The tragic story  behind the  bridge disaster

The tragic story behind the bridge disaster

MASERU – YOU have come here to ‘rub salt onto my wound’.
That is what a grieving mother told thepost reporters when they visited her home in Sekhutlong Ha-’Manapo.
’Malebohang Koloko has lost count of the times friends and relatives, from near and far, have come to her home expecting that she would narrate in detail how her son died.
But that traditional Sesotho custom in which the bereaved take time to explain to mourners how their relative died has been a tortuous exercise.
“It is like ripping apart a fresh wound in my soul,” she says.

When thepost visited the family home last week, we were received by the sharp cries of a baby.
A young woman probably in her early twenties welcomed us into the house.

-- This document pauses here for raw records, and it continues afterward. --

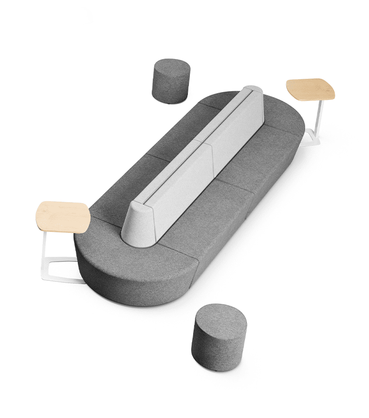 O sistema de sofás Spin proporciona configurações flexíveis para os mais diferentes arranjos de espaços colaborativos. São módulos lineares, curvos, puffs e acessórios que tornam os ambientes coletivos mais produtivos e versáteis.
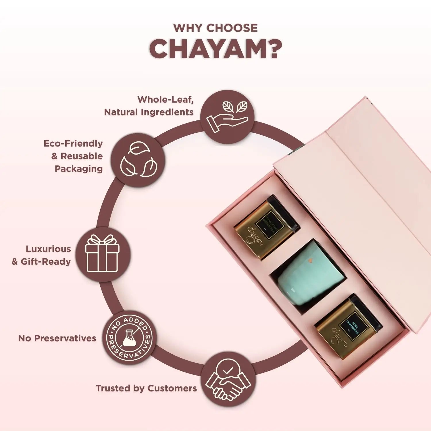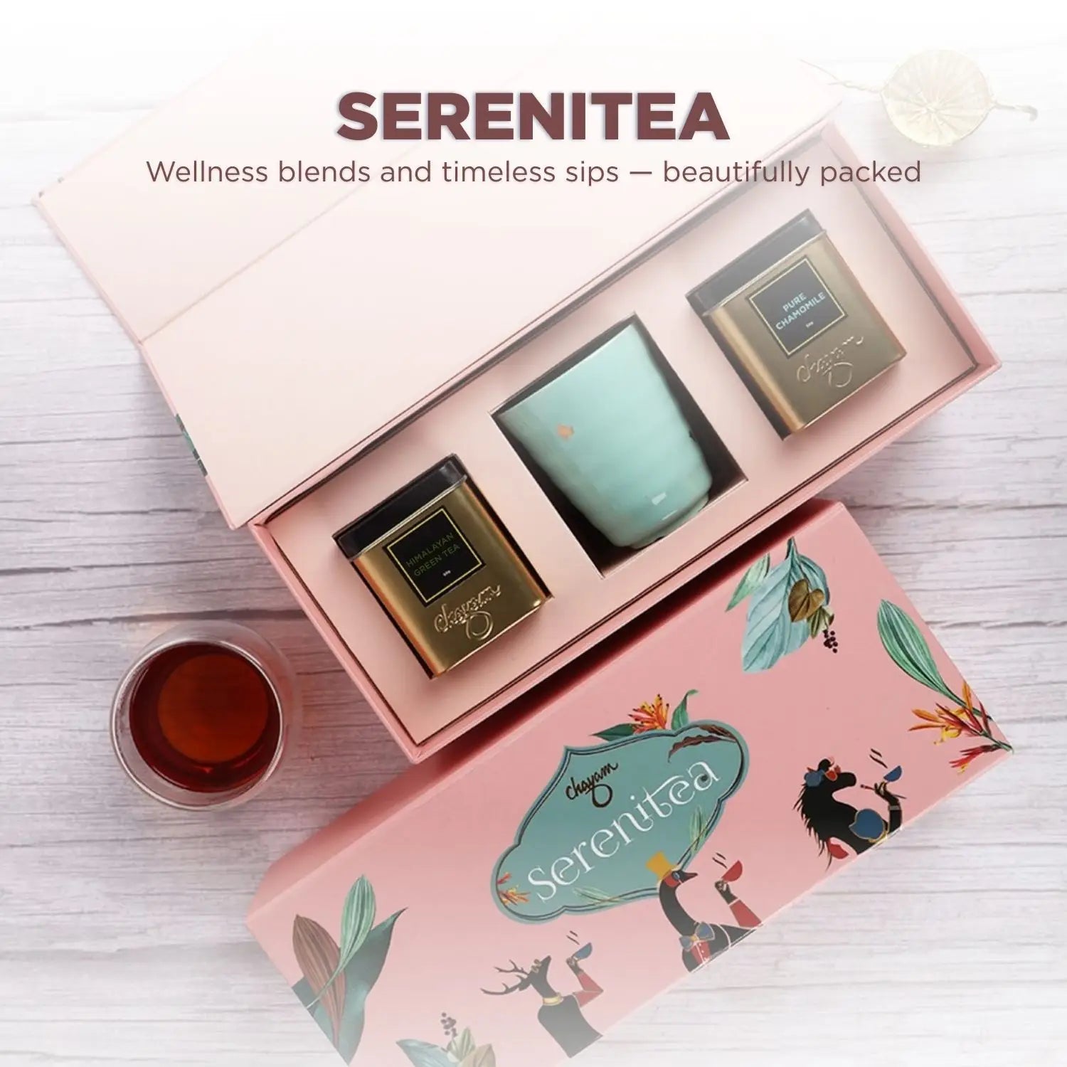 The Serenitea Gift Box by Chayam Tea is a heartfelt gift of calm and connection. Featuring Himalayan Green and Chamomile teas in elegant tins with a gold-embossed kulhad, it’s crafted for moments of togetherness. Ideal for weddings, anniversaries, or festive occasions, this box blends wellness with tradition. A meaningful way to show care, it turns every cup into a shared memory of warmth and gratitude.
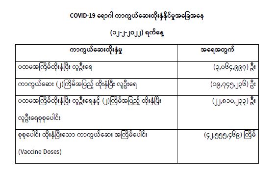 COVID-19 ရောဂါကာကွယ် ထိန်းချုပ်ရေးအတွက် တိုင်းဒေသကြီး/ ပြည်နယ်များတွင် COVID-19 ရောဂါကာကွယ်ဆေးကို ဦးတည်အုပ်စုများသတ်မှတ်၍ ထိုးနှံပေးလျက်ရှိရာ (၁၂-၂-၂၀၂၂) ရက်နေ့အထိ လူဦးရေစုစုပေါင်း (22,810,233) ဦးအား ထိုးနှံပေးပြီးဖြစ်၍ ကာကွယ်ဆေး နှစ်ကြိမ်အပြည့် ထိုးနှံပြီးစီးသူ (19,745,236) ဦးနှင့် ပထမအကြိမ် ထိုးနှံပြီးစီးသူ (3,064,997) ဦး ရှိပြီဖြစ်ပါသည်။ သို့ဖြစ်ပါ၍ (၁၂-၂-၂၀၂၂) ရက်နေ့အထိ မြန်မာနိုင်ငံတွင် COVID-19 ရောဂါကာကွယ်ဆေး အကြိမ်ရေ စုစုပေါင်း (42,555,469) ကြိမ် ထိုးနှံပြီး ဖြစ်ပါသည်။

A total sense of sorrow and helplessness enveloped the home.
It was clear from the looks of those inside the house that the sudden loss of their beloved one had not been well received.
Death had violently snatched one of their own.

At first, the five women who were seated in the bedroom were hesitant to talk until an elderly woman of the family living a few meters from the house was called to come and speak on behalf of the family.
When she arrived she immediately went into one of the rooms to console some women who were quietly sobbing.
After a few minutes, the women trooped into the kitchen where we were. The grief stricken ’Mabokang sits down facing the opposite direction and stares blankly into the open space, her mind clearly miles away.
“I would like to make it clear before we go any further that your coming here and reporting about my son’s death is going to open up healing wounds,” says ’Malebohang, the mother of the deceased worker, Lebohang.

It is a Sesotho custom for a member of the deceased’s family to sit in a house of a relative so that they tell visitors how the family member died.
Basotho say by so doing oa tšelisa, he will comfort the mourners who would have come to mourn together with the bereaved family.
But to ’Malebohang, whose son met his untimely death earlier this month when a trench he was digging slid and fell on him during the construction of a bridge, the tšelisa tradition must be the other way round.

The visitors should comfort the bereaved.
For ’Malebohang, continually narrating how Lebohang died to everybody who comes to the house brings no change – he remains dead.
Her son Lebohang was one of the 13 men who were building a bridge when the wall of a trench they were digging slid and buried him alive.
The colleagues dug him out but unfortunately he had already died.
One of the fellow workers sustained a broken arm as he tried to save him from the falling mud.
The death shook the Koloko family.

For ’Mabokang Koloko, Lebohang’s wife, who has been left with a six-month old baby, the death of her husband came as a big blow.
She still finds it quite difficult to talk.

“I really don’t have much to say, the idea of talking about this still hurts a lot,” laments the twenty two — year-old widow.
She still finds it difficult to come to terms with the mere thought of Lebohang being crushed by the sand, the soil suffocating him and killing him instantly.
’Mabokang and Lebohang had only been married for a year and a couple of months.
They have a six-month old baby. He was the only bread winner in the family.

’Malebohang said the construction company his son was working for at the time of his death, Tiro Construction, had pledged to assist with the burial arrangements.
’Malebohang said the company had also been helping a lot with the funeral arrangements even though the burial date has not yet been confirmed.
“They even bought maize-meal and a sheep that was slaughtered to perform a small traditional ceremony (ho orosa which Basotho believe is meant to take the spirit of the dead from the site of death to his home),” ’Malebohang said.

“The meat was eaten by my son’s co-workers there at the place of death and none of it was brought home,” she said.
Tiro Contractors has also paid the wife her husband’s full salary for the month and has promised to further assist the family with a monthly allowance to sustain the widow until her mourning period ends.

Normally the mourning period for Basotho widows lasts about six months or more.
‘Malebohang also said the company had promised to secure a job for her daughter-in-law after her mourning ends.
“We are very grateful to Tiro’s efforts to help the family out”, said ’Malisebo Koloko, another family member.